◆ What this task involves: The expected output is exactly the lines below, starting at the line with "Dulap de bar" and ending at the line with "產品組成:墻壁溫度傳感器、環", both included; no other line belongs in it.

◆ Provided data:
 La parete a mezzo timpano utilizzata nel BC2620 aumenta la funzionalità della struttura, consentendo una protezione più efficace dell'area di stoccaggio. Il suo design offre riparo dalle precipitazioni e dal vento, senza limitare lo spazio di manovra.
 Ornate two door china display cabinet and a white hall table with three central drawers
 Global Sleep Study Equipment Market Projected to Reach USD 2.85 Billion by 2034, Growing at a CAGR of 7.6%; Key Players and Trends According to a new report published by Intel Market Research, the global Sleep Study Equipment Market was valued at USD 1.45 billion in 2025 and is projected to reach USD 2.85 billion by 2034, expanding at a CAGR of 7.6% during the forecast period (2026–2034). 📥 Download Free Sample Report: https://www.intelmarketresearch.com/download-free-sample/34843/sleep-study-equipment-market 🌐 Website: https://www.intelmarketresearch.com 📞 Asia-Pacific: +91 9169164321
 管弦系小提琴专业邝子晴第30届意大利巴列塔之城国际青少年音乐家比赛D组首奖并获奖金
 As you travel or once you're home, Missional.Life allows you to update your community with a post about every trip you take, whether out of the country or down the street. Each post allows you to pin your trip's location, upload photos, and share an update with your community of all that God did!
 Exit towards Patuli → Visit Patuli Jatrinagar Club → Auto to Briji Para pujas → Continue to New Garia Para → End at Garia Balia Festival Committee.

* * *

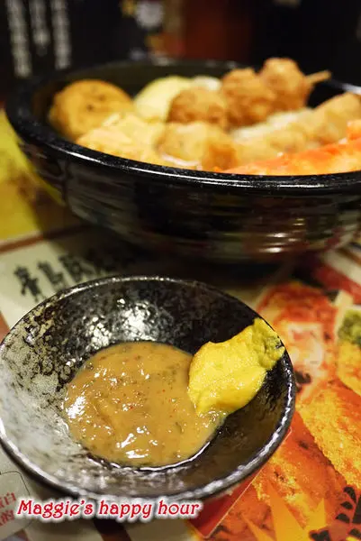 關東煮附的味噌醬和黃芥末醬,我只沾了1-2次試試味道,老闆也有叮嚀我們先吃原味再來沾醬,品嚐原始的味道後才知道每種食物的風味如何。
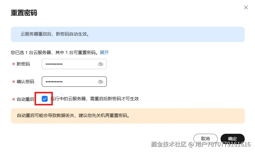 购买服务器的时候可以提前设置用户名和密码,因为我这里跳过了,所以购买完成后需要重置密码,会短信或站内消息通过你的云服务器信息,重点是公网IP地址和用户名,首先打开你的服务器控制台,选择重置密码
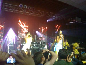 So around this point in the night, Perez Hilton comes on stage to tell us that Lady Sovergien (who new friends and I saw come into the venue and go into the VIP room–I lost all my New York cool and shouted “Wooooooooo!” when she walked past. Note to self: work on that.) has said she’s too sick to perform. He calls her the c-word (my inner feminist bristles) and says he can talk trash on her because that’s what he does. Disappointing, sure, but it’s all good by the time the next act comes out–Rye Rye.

* * *

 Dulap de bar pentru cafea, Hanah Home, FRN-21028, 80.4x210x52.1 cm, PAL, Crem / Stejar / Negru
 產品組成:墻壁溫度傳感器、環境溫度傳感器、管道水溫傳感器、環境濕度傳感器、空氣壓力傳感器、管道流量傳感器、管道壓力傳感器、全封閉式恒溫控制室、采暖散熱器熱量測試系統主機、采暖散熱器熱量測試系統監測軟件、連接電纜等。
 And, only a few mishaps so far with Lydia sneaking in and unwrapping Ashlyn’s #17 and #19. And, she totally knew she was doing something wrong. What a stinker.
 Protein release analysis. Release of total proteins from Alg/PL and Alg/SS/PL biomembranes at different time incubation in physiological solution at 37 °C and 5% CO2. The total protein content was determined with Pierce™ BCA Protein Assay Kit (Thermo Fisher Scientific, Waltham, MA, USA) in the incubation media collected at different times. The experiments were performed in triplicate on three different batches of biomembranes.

◆ Written reply:
 Dulap de bar pentru cafea, Hanah Home, FRN-21028, 80.4x210x52.1 cm, PAL, Crem / Stejar / Negru
 產品組成:墻壁溫度傳感器、環境溫度傳感器、管道水溫傳感器、環境濕度傳感器、空氣壓力傳感器、管道流量傳感器、管道壓力傳感器、全封閉式恒溫控制室、采暖散熱器熱量測試系統主機、采暖散熱器熱量測試系統監測軟件、連接電纜等。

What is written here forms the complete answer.